I haven't raised as many males....Koug is 62 cm and was 78 pounds in his prime, others I kept back for a while were probably 64 cm, Wolf, Granit, Falcon...Cito was probably 65/66 cm and a good 85/90 pounds...Jagr is a bigger boy, probably 65+ cm....and he is only 16 months...

I see a lot of small framed, small boned females out and about...but a 58 cm female at 65 pounds seems pretty average to me. My females have always been very very athletic, some doing agility exercises for fun....Hexe would excel in agility according to AKC agility people who have seen her work....but only so much time in a day...

Lee


----------



## TAN+ZAK (Nov 22, 2012)

Have never wanted to show ZAK so it doesnt matter but he is way oversize, 45Kgs and so tall that his hip bones stick out even at that wheight.He was the runt and had extra bottle feeds, rest of the litter turned out average sized, I wonder if it was the extra nutrition that did it.

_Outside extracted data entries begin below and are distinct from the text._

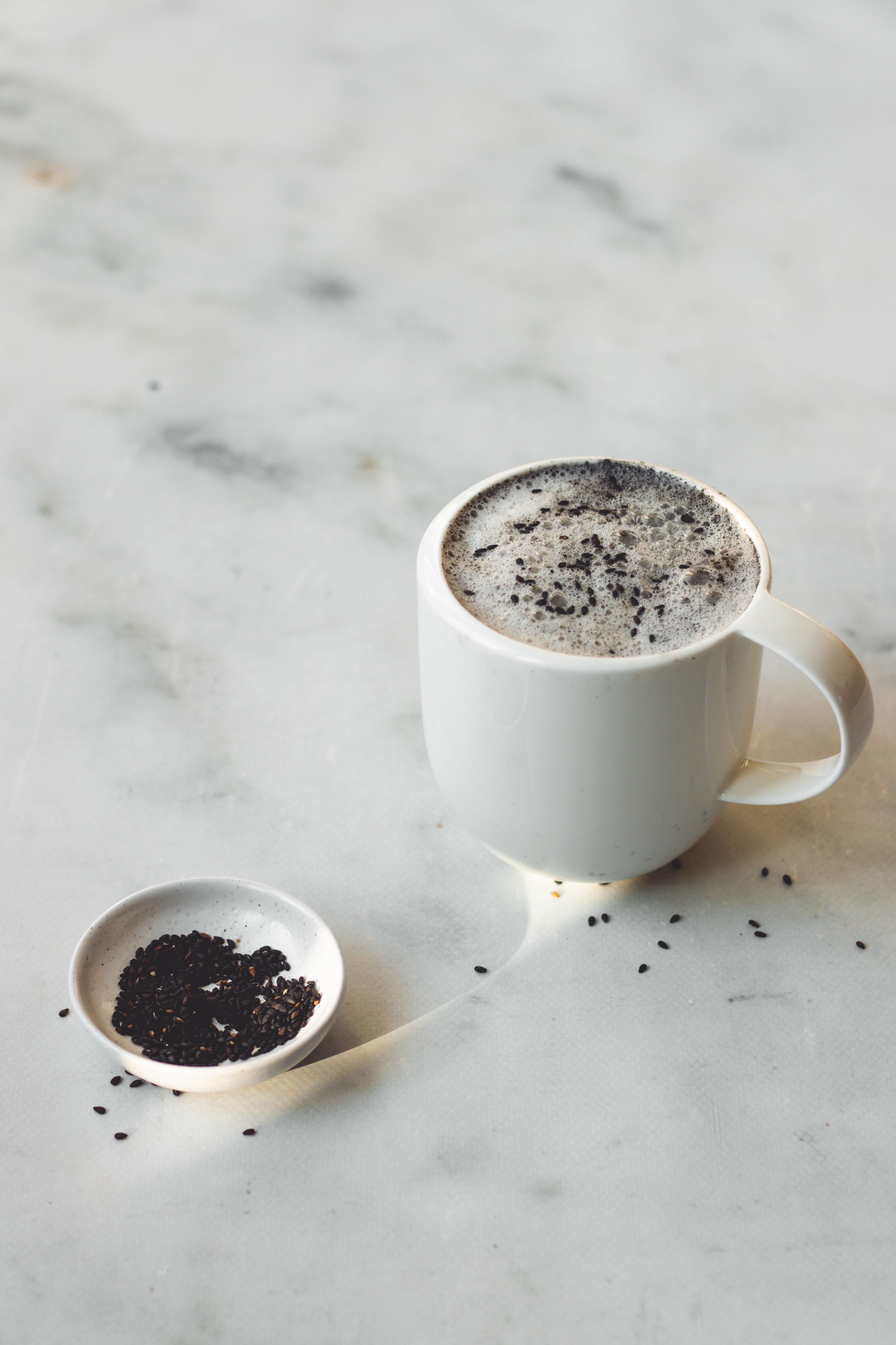 - Giet het mengsel van de zwarte sesam latte in een kop en voeg de geschuimde melk daaraan toe. Maak af met zwarte sesamzaadjes.
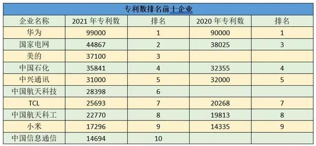 华为持续的高研发投入为华为创造了众多专利数,据中国企业联合会发布的榜单数据显示,华为在2021年的专利数高达99000项,位居中国企业排行榜第一位,而排名第二位的是国家电网,其44867项专利数不足华为专利数的一半。
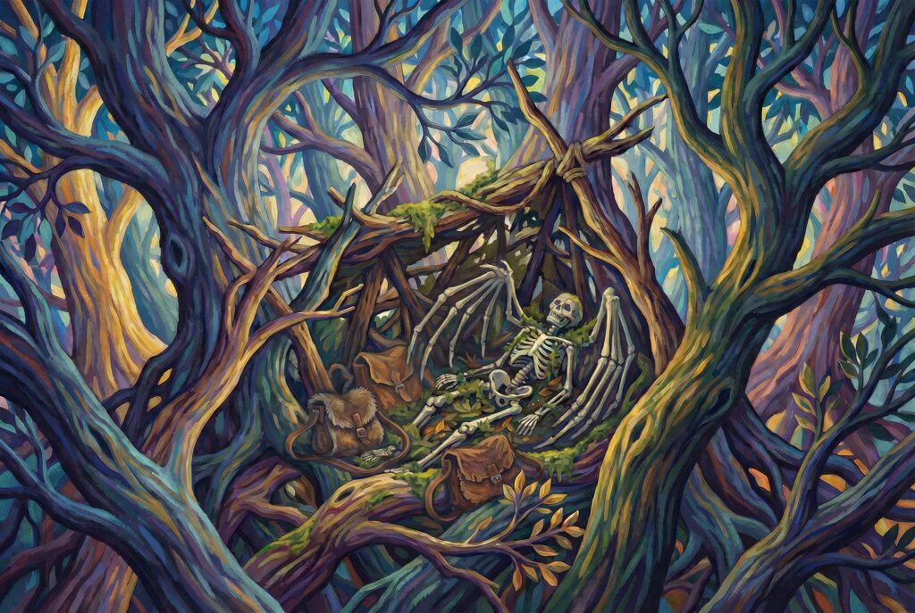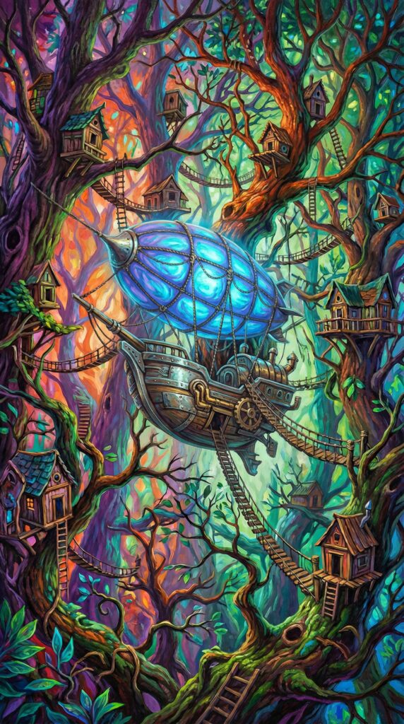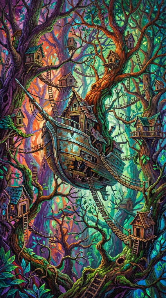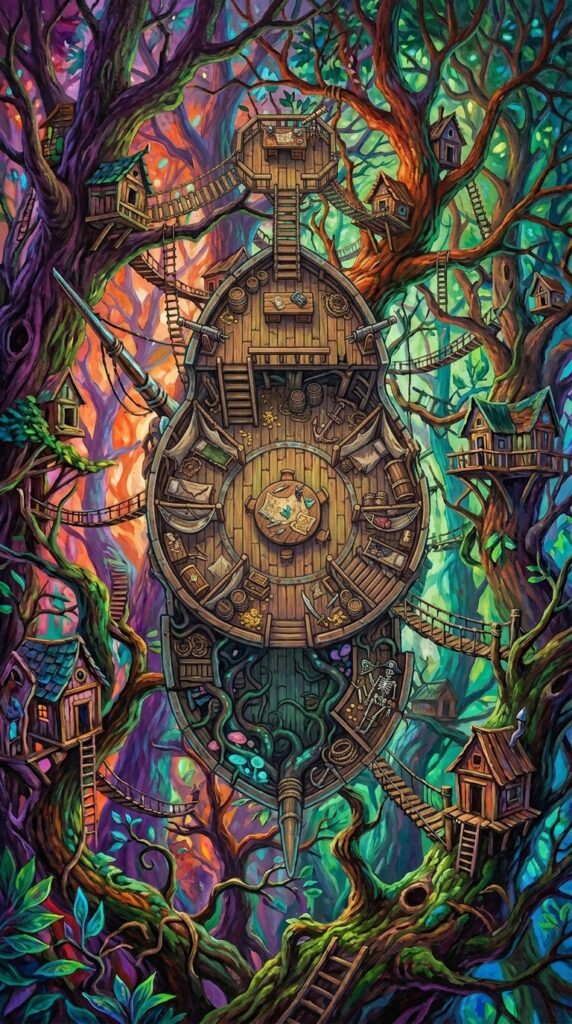 “拨开层层密林,一艘残破不堪的飞艇船头赫然出现在你们面前,树枝树桠之间攀附着绳梯与吊桥,挂在树上的木屋本该有生活气息,这会儿却是阴气逼人。”
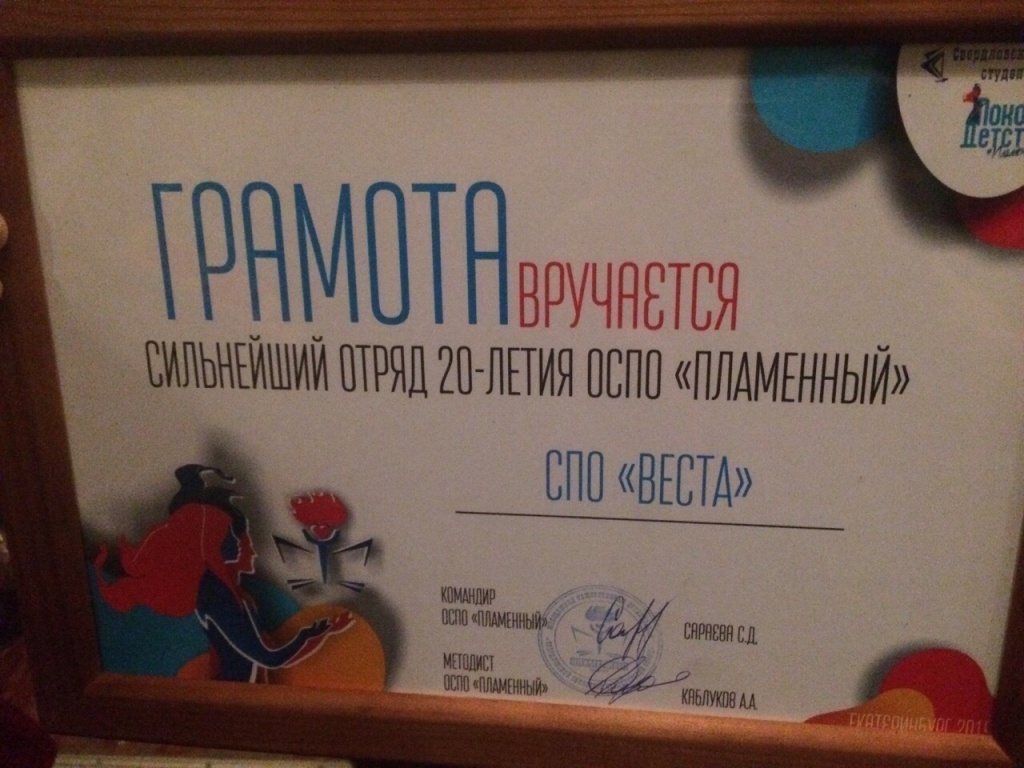 Не обошлось и без наград. Среди них – «Вожатский дебют», которого были удостоены студентки НТГСПИ Юлия Нехорошкова (СПО «Веста») и Евгения Васькина (СПО «ИмпериО»). Кроме того, СПО «Веста» был отмечен как один из восьми сильнейших отрядов двадцатилетия за свой долгий и упорный труд. Завершился концерт гимном ОСПО «Пламенный».

It was a litter of 11 who all survived and he was the only one who got extra He still likes a bottle of water from a sports bottle, which is handy on a long hike.


----------



## KristiM (Oct 18, 2011)

Just curious, what lines tend to produce dogs that are in the middle to lower end of the standard. I'm not talking under sized, but males around 75lbs and females around 60 pounds?


----------



## Cassidy's Mom (Mar 30, 2003)

At Halo's last vet visit a week ago she weighed in at 57.1 pounds. I *think* she's about 22", but I'm not very good at measuring dogs, so that may not be accurate! I don't know if her size is typical of her lines or not though.


----------



## ponyfarm (Apr 11, 2010)

KristiM said:


> Just curious, what lines tend to produce dogs that are in the middle to lower end of the standard. I'm not talking under sized, but males around 75lbs and females around 60 pounds?


I wonder too! I am going to try to get the pedigree of the two smallish,(ok, so smaller than Max! 25" and 75 lbs.) females I saw recently.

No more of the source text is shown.